We will now try to predict per capita crime rate in the Boston data set. (a) Try out some of the regression methods explored in this chapter, such as best subset selection, the lasso, ridge regression, and PCR. Present and discuss results for the approaches that you consider.
library(leaps)
## Warning: package 'leaps' was built under R version 4.4.3
library(MASS)
set.seed(1)
attach(Boston)
predict.regsubsets = function(object, newdata, id, ...) {
form = as.formula(object$call[[2]])
mat = model.matrix(form, newdata)
coefi = coef(object, id = id)
mat[, names(coefi)] %*% coefi
}
k = 10
p = ncol(Boston) - 1
folds = sample(rep(1:k, length = nrow(Boston)))
cv.errors = matrix(NA, k, p)
for (i in 1:k) {
best.fit = regsubsets(crim ~ ., data = Boston[folds != i, ], nvmax = p)
for (j in 1:p) {
pred = predict(best.fit, Boston[folds == i, ], id = j)
cv.errors[i, j] = mean((Boston$crim[folds == i] - pred)^2)
}
}
mean.cv.errors <- apply(cv.errors, 2, mean)
plot(mean.cv.errors, type = "b", xlab = "Number of variables", ylab = "CV error")
which.min(mean.cv.errors)
## [1] 9
mean.cv.errors[which.min(mean.cv.errors)]
## [1] 42.81453
x = model.matrix(crim ~ . - 1, data = Boston)
y = Boston$crim
cv.lasso = cv.glmnet(x, y, type.measure = "mse")
plot(cv.lasso)
coef(cv.lasso)
## 14 x 1 sparse Matrix of class "dgCMatrix"
## lambda.1se
## (Intercept) 2.176491
## zn .
## indus .
## chas .
## nox .
## rm .
## age .
## dis .
## rad 0.150484
## tax .
## ptratio .
## black .
## lstat .
## medv .
sqrt(cv.lasso$cvm[cv.lasso$lambda == cv.lasso$lambda.1se])
## [1] 7.921353
x = model.matrix(crim ~ . - 1, data = Boston)
y = Boston$crim
cv.ridge = cv.glmnet(x, y, type.measure = "mse", alpha = 0)
plot(cv.ridge)
coef(cv.ridge)
## 14 x 1 sparse Matrix of class "dgCMatrix"
## lambda.1se
## (Intercept) 1.523899542
## zn -0.002949852
## indus 0.029276741
## chas -0.166526007
## nox 1.874769665
## rm -0.142852604
## age 0.006207995
## dis -0.094547258
## rad 0.045932737
## tax 0.002086668
## ptratio 0.071258052
## black -0.002605281
## lstat 0.035745604
## medv -0.023480540
sqrt(cv.ridge$cvm[cv.ridge$lambda == cv.ridge$lambda.1se])
## [1] 7.669133
pcr.crime = pcr(crim ~ ., data = Boston, scale = TRUE, validation = "CV")
summary(pcr.crime)
## Data: X dimension: 506 13
## Y dimension: 506 1
## Fit method: svdpc
## Number of components considered: 13
##
## VALIDATION: RMSEP
## Cross-validated using 10 random segments.

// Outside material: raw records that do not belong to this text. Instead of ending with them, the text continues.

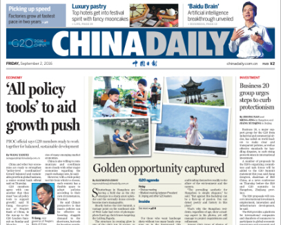 中國為杭州G20峰會制定了完美議程,這顯示出其非常重視這些經(jīng)驗。正如峰會主題明確指出的一樣,中國通過引領(lǐng)各國直面全球挑戰(zhàn),將能夠為全世界的經(jīng)濟(jì)、社會和環(huán)境繁榮作出重大貢獻(xiàn)。
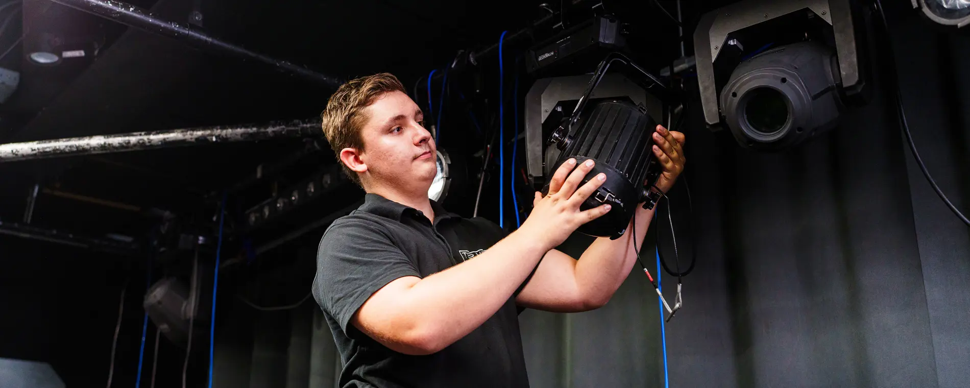 Deze opleiding is gericht op de theater, muziek- en (zakelijke) evenementensector. De focus ligt tijdens je opleiding vooral op de combinatie van beeldtechniek, podiumtechniek, geluidstechniek en licht. Samen met acteurs, artiesten, muzikanten, decorontwerpers en vormgevers maak je licht- en beeldshows en verzorg je podiumtechniek en het geluid.
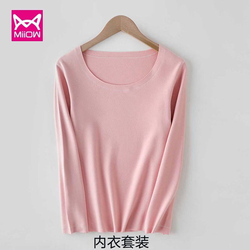 MiiOW/猫人新款情侣保暖内衣男套装女圆领德绒爆暖冬季保暖套装 M6231
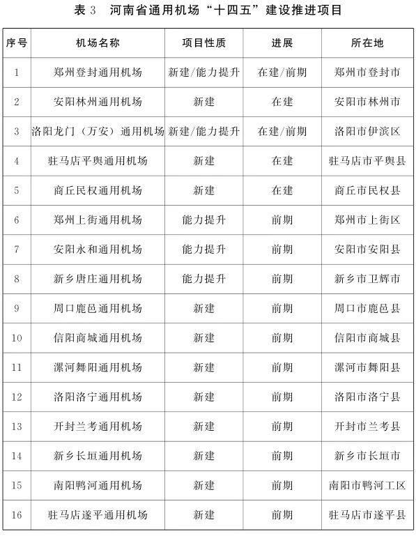 1.通用机场建设稳步推进。“十三五”末,全省共有通用机场6个,其中郑州上街机场获颁A1类使用许可证,安阳殷都(航校)、周口西华、新乡唐庄、郑州中牟、安阳永和等机场完成B类备案,安阳林州、郑州登封、洛阳龙门(万安)、驻马店平舆、商丘民权等机场加快建设,一批通用机场项目前期工作有序开展。

## (Intercept) 1 comps 2 comps 3 comps 4 comps 5 comps 6 comps
## CV 8.61 7.175 7.180 6.724 6.731 6.727 6.727
## adjCV 8.61 7.174 7.179 6.721 6.725 6.724 6.724
## 7 comps 8 comps 9 comps 10 comps 11 comps 12 comps 13 comps
## CV 6.722 6.614 6.618 6.607 6.598 6.553 6.488
## adjCV 6.718 6.609 6.613 6.602 6.592 6.546 6.481
##
## TRAINING: % variance explained
## 1 comps 2 comps 3 comps 4 comps 5 comps 6 comps 7 comps 8 comps
## X 47.70 60.36 69.67 76.45 82.99 88.00 91.14 93.45
## crim 30.69 30.87 39.27 39.61 39.61 39.86 40.14 42.47
## 9 comps 10 comps 11 comps 12 comps 13 comps
## X 95.40 97.04 98.46 99.52 100.0
## crim 42.55 42.78 43.04 44.13 45.4
The best subset selection model had the lowest cross-validation error.
The model has 11 predictors. By excluding 2, the model has lower variance and higher accuracy.